DuPont did reveal, however, that CNOOC’s Huizhou refinery also chose the IsoTherming technology for a 71,637-b/d ultralow-sulfur diesel hydrotreating unit also commissioned in September 2017 at the site.
Keyera restarts Wapiti gas plant
Keyera Corp. has resumed operations following an unplanned outage that began in mid-August at its Wapiti natural sour gas processing and liquid stabilization plant about 60 km south of Grand Prairie, Alta. (OGJ Online, Aug. 25, 2020).
Keyera restarted operations at the Wapiti plant on Sept. 25, the operator said.
Wapiti’s restart follows the Aug. 17 halt of operations at the site due to an issue relating to the plant’s waste heat recovery system.
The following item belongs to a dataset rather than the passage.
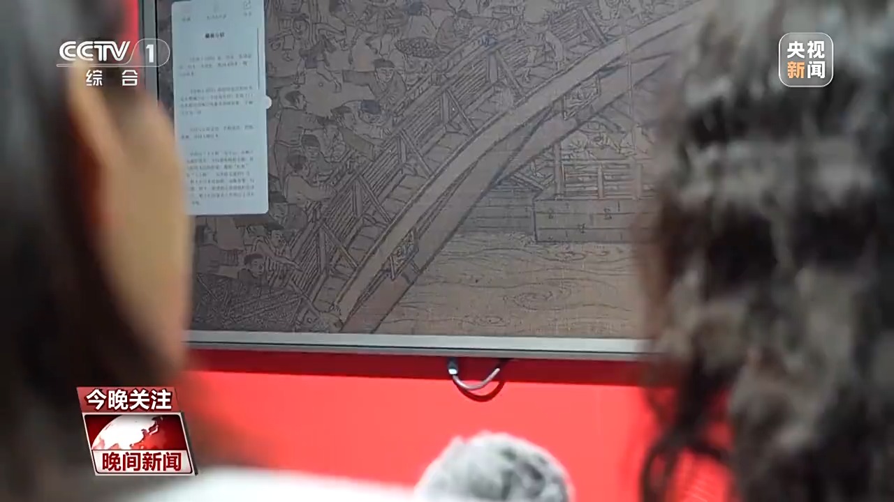 第七屆數(shù)字中國建設(shè)峰會(huì)參展商 翟芮:比如說這幅清明上河圖,采用了超高清的采集,可以把整個(gè)畫作無限放大,比如這個(gè)細(xì)節(jié)是在橋上有兩隊(duì)人馬,他們兩個(gè)起了沖突,互不相讓,周圍這些是看熱鬧的。

The unplanned outage was extended indefinitely on Aug. 27 (OGJ Online, Aug. 28, 2020).
Keyera disclosed no further details regarding the total scope of the initial problem or root cause of the outage.
Keyera commissioned Phase 1 of the Wapiti gas plant in May 2019 with gas processing capacity of 150 MMcfd and condensate handling capacity of 25,000 b/sd, and also has approved a second phase of the Wapiti plant scheduled for commissioning in fourth-quarter 2020 that will add another 150 MMcfd of gas processing capacity at the site (OGJ Online, May 31, 2018).
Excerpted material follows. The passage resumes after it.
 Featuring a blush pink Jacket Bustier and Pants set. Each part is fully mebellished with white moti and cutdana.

TRANSPORTATION Quick Takes
Nord Stream 2 receives Danish operations permit
Nord Stream 2 AG has received an operations permit for the Nord Stream 2 pipelines on the Danish continental shelf. Commissioning can only take place when at least one of the 27.5 billion cu m/year (bcmy) parallel pipelines has been tested, verified, and when relevant conditions in the construction permit and operations permit have been met.
The permit was granted pursuant to Section 2 of Executive Order No. 1520, issued Dec. 15, 2017, on Certain Pipeline Installations in Danish Territorial Waters and on the Danish Continental Shelf and in accordance with the UN Convention on the Law of the Sea, according to which Denmark is obliged to allow the construction and operation of transit pipelines.
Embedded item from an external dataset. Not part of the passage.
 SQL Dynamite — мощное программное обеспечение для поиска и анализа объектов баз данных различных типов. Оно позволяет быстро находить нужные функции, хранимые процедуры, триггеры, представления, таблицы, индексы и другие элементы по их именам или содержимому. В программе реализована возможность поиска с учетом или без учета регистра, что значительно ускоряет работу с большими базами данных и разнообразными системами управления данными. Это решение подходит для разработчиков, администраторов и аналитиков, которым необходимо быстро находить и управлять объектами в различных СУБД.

The pipeline project on the Danish continental shelf is part of a larger pipeline project, consisting of two pipelines with a total length of 1,230 km for the transport of gas from Russia to Germany. The natural gas pipelines begins in Russia, passes through Finnish, Swedish, Danish and German marine areas, and makes landfall on the German coast.
Authorities in Russia, Finland, Sweden, Germany, and Denmark have all granted permits for the project. Nord Stream 2 applied for the Danish permit Nov. 18, 2019. The original Nord Stream pipeline has been delivering as much as 55 bcmy of gas along a similar route since October 2012.
Taipower awards CTCI EPCC contract for LNG regasification
Taiwan Power Co. (Taipower) awarded CTCI Corp. an engineering, procurement, construction, and commissioning (EPCC) contract to build an LNG regasification terminal for Taichung power plant. The terminal will be Taipower’s first.
CTCI will carry out detailed design, procurement and supply of materials, construction and installment, precommissioning, commissioning, and 1 year of operation and maintenance service as part of the $647-million EPCC contract. Taipower’s current coal-fired Taichung power plant has 5.5 Gw of capacity.
The Taiwanese government intends to increase gas-fired power generation to 50% of the country’s total by 2025. This liquefaction project will ensure a stable natural gas supply of 720 tons/hr, which Taipower says will meet the demand of gas-fired power generating Units 1 and 2 at Taichung, as well as Units 4, 5, and 6 at Tunghsiao power plant.
Earlier this year CTCI won a $623-million EPCC contract to build China Petroleum Corp.’s (CPC) third LNG receiving terminal at Guantang industrial area, Taoyuan. CPC already operates a terminal in Taichung.